Data records
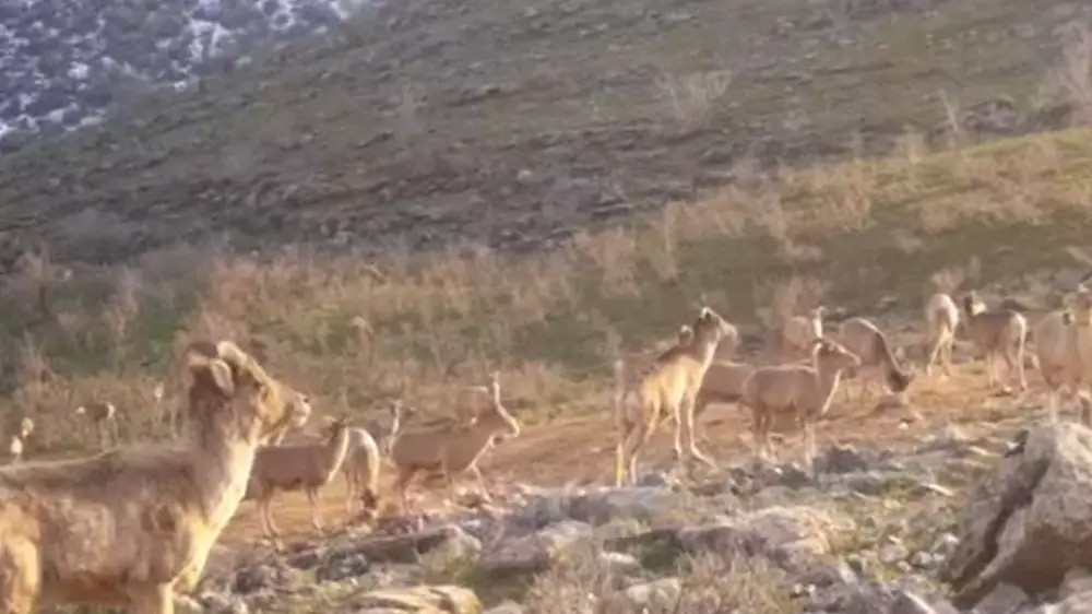 На кадрах видно небольшое стадо из 15 голов, разгуливающих в горах Сайрам-Угамского национального парка.
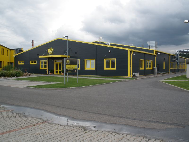 Tragende Stahlkonstruktion, Dach und Verkleidung beider Gebäude aus Polyurethan-Paneelen, Kunststofffenster im Verwaltungsgebäude, Beleuchtung von Produktionshallen mit Lichtbänder aus Polycarbonat Hohlkammerplatten
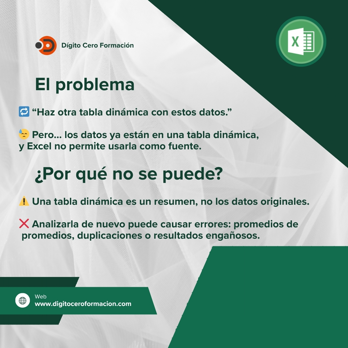 La razón es técnica, pero bastante lógica. Una tabla dinámica es, por definición, una agregación de datos. Ya ha agrupado, sumado, promediado o filtrado los datos originales, lo que la convierte en una estructura que no tiene la granularidad necesaria para un nuevo análisis.
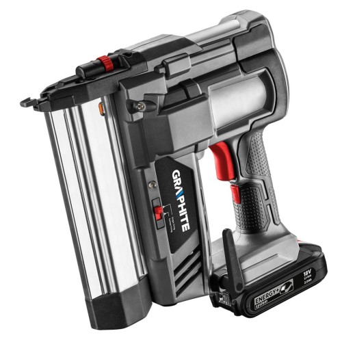 Акумуляторний цвяхозабивач Graphite є частиною серії інструментів Energy+. Цей універсальний інструмент поєднує функції степлера та цвяхозабивача, що робить його ідеальним для різних завдань у столярстві, будівництві та ремонті меблів.
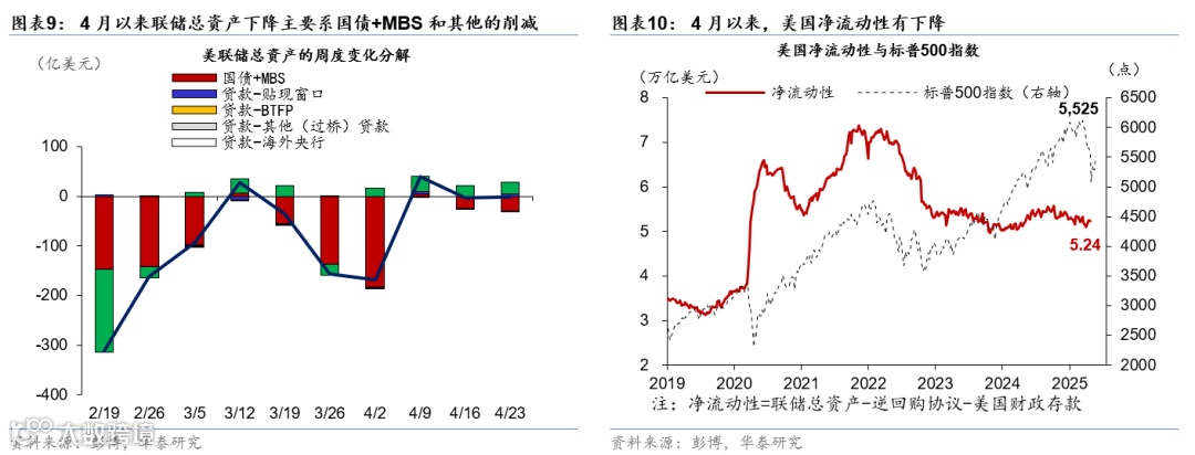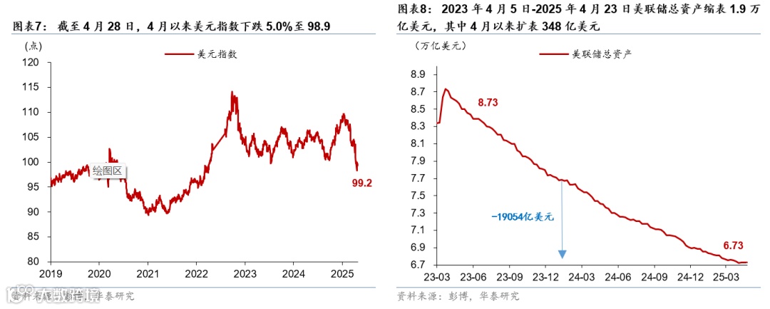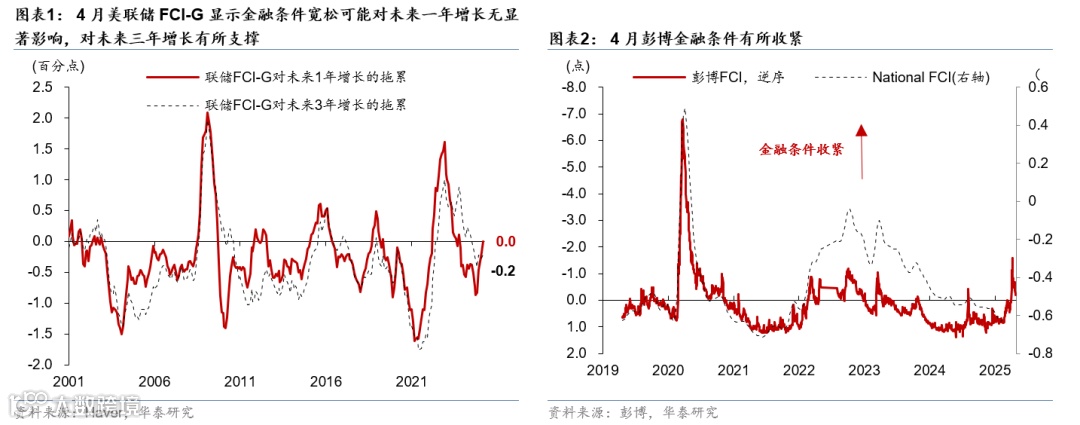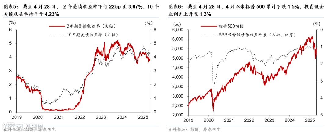 虽然股市下行、信用利差上升,但由于美元大幅走弱,高盛金融条件指数放松4bp。4月1日至28日,高盛金融条件指数累计放松4bp。股市、信用利差、短期利率、长期利率以及汇率分别贡献11bp、5bp、0bp、0bp和-20bp。具体看,截至4月28日,4月以来标普500累计下跌1.5%,投资级企业利差上行11bp至1.31%,2年美债收益率下行22bp至3.67%,10年美债收益率持平于4.23%,美元指数下跌5.0%至98.9。
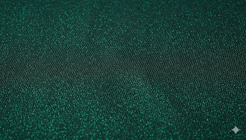 Minkštas tiulio audinys su ryškiu metalizuotu blizgesiu, pasižymintis lengva, permatoma ir plastiška struktūra. Audinys gerai krenta, subtiliai atspindi šviesą ir yra tinkamas dekoratyviems bei proginiams sprendimams, kur reikalingas vizualinis efektas.
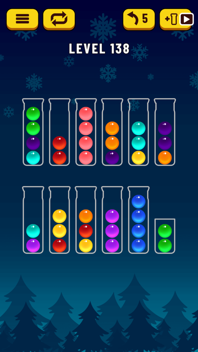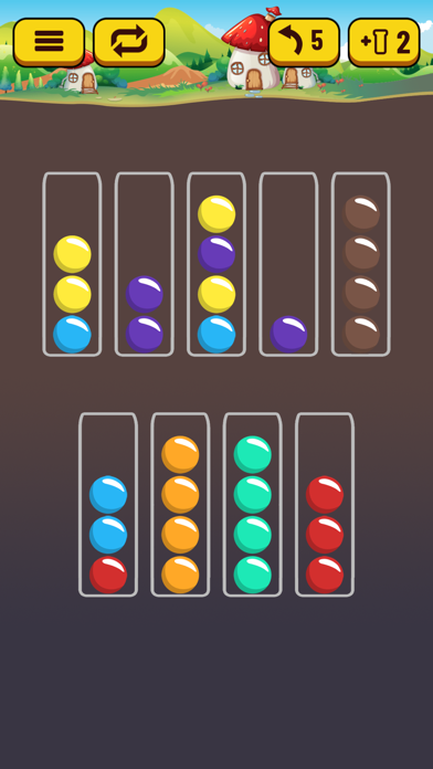 試験管に同じ色のボールを移動させて色を揃えるパズルゲーム。ハノイの塔みたいな感じで最小移動回数でやらないといけないかと思ったけど、移動回数は関係なく、じっくり考えながら移動させるものだったので、マイペースにできます。頭の体操、暇つぶしに丁度いいです。
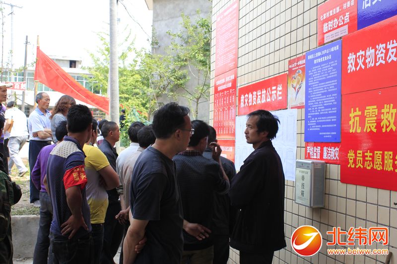 救灾物质由村里的党员突击队队员领取后分别发放,领取物资前,突击队员进行登记签字,注明发放村民。
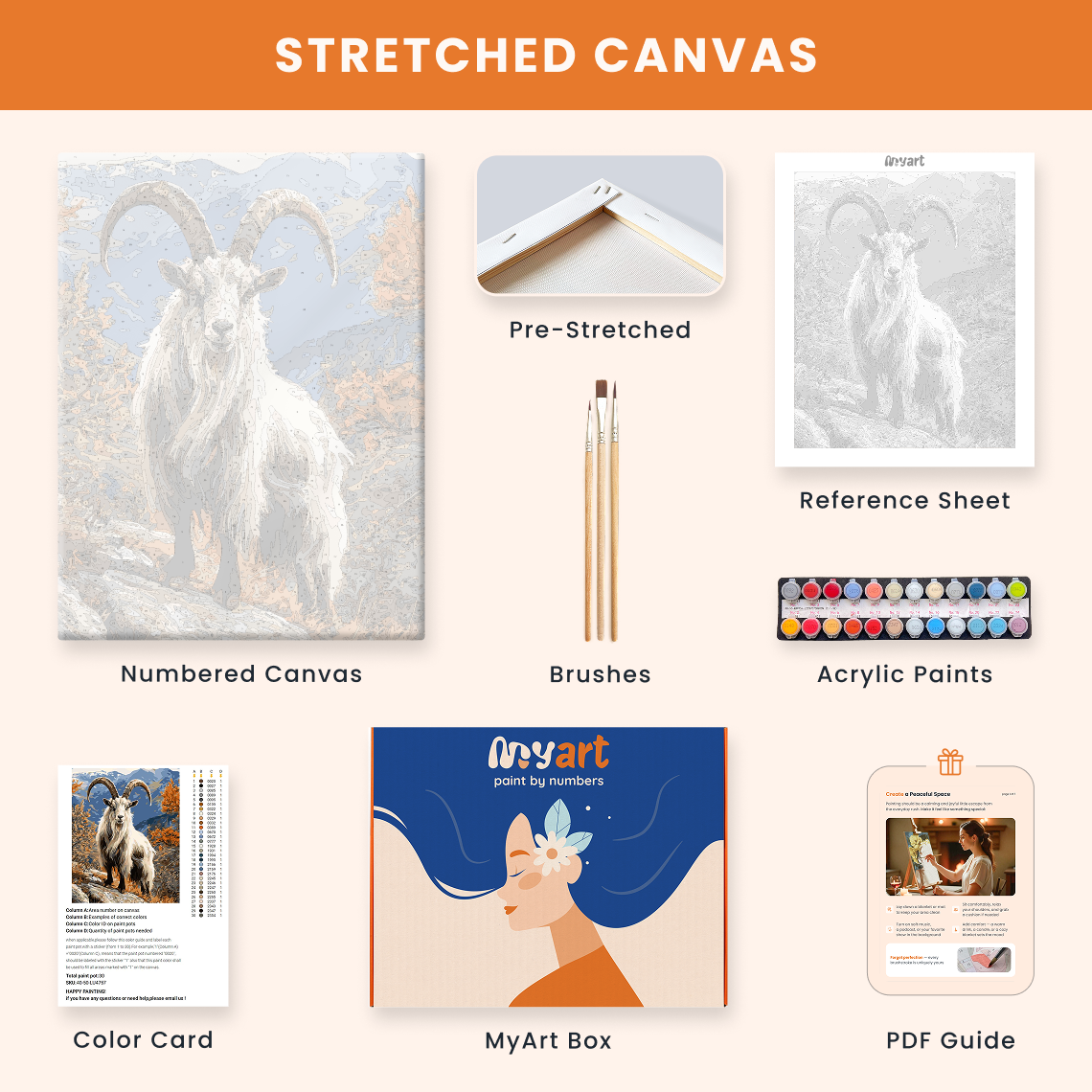 - Premium acrylic paint set (pre-mixed and numbered)
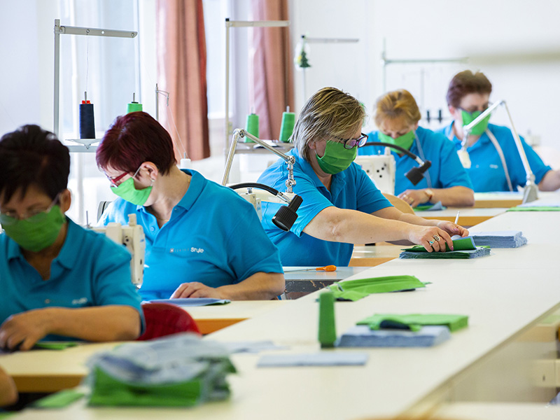 Nagykanizsa, 2020. március 18. Védőmaszkokat gyártanak a Kanizsa Rehab Nonprofit Kft. nagykanizsai varrodájában 2020. március 18-án. A védőmaszkok speciális szűrővel nem rendelkeznek, de kétrétegű orvosi szövetből készülnek, 90 Celsius-fokon moshatók és fertőtleníthetők. Az első tízezer darabot a helyi önkormányzat rendelte meg saját intézményei számára.
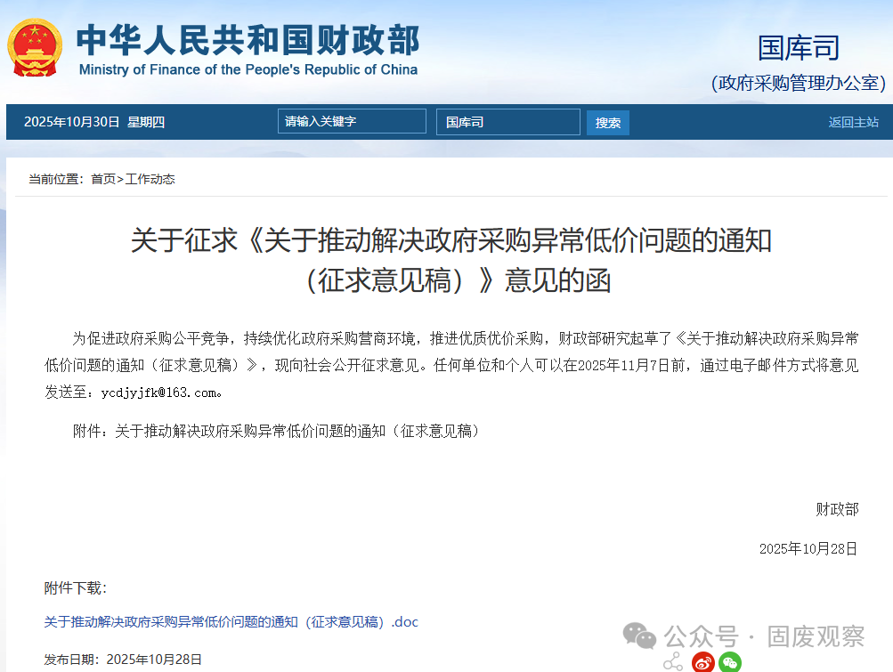 10月28日,财政部发布关于征求《关于推动解决政府采购异常低价问题的通知(征求意见稿)》意见的函。
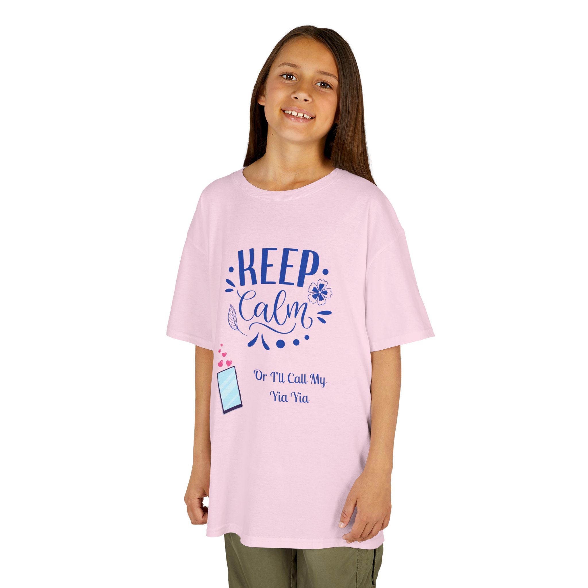 Light, soft, and quietly playful, this kids tee brings a calm, modern energy to little ones who love screens and silly moments. The front print features a gentle reminder to “KEEP calm,” paired with a tiny illustrated phone and a cheeky line beneath for a touch of humor.
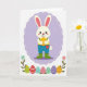 This design shows a cute, human-like white rabbit 🐰 with shiny black eyes and rosy cheeks, centered inside a large soft-lavender oval with a gently scalloped edge. The rabbit wears a sunny yellow shirt under teal overalls with a small red pocket, finished with deep green boots, and its paws hold a glowing orange egg close like a little gift for someone special. The plain white background keeps the focus on the rabbit’s tender, careful pose, like it’s presenting the egg to a friend. Near the bottom, a neat row of six decorated eggs stretches across in assorted patterns such as polka dots, stripes, zigzags, and star shapes. The eggs mix rich colors like red, aqua, green, gold, and purple, creating a cheerful rhythm across the page. Slender green stems with tiny blossoms in soft blue and pink weave between the eggs 🌷, adding a garden touch. The greeting text sits above the egg row in a simple, medium-size lavender font, centered beneath the oval frame. The lavender oval has a scalloped outline, and the six patterned eggs line up in a straight band along the lower portion of the card.

# What you need to do
Your answer must be the exact lines from the records above, from the one containing "Nagykanizsa, 2020. március" through the one containing "10月28日,财政部发布关于", both included, with every picture left out.

# Solution to the exercise
 Nagykanizsa, 2020. március 18. Védőmaszkokat gyártanak a Kanizsa Rehab Nonprofit Kft. nagykanizsai varrodájában 2020. március 18-án. A védőmaszkok speciális szűrővel nem rendelkeznek, de kétrétegű orvosi szövetből készülnek, 90 Celsius-fokon moshatók és fertőtleníthetők. Az első tízezer darabot a helyi önkormányzat rendelte meg saját intézményei számára.
 10月28日,财政部发布关于征求《关于推动解决政府采购异常低价问题的通知(征求意见稿)》意见的函。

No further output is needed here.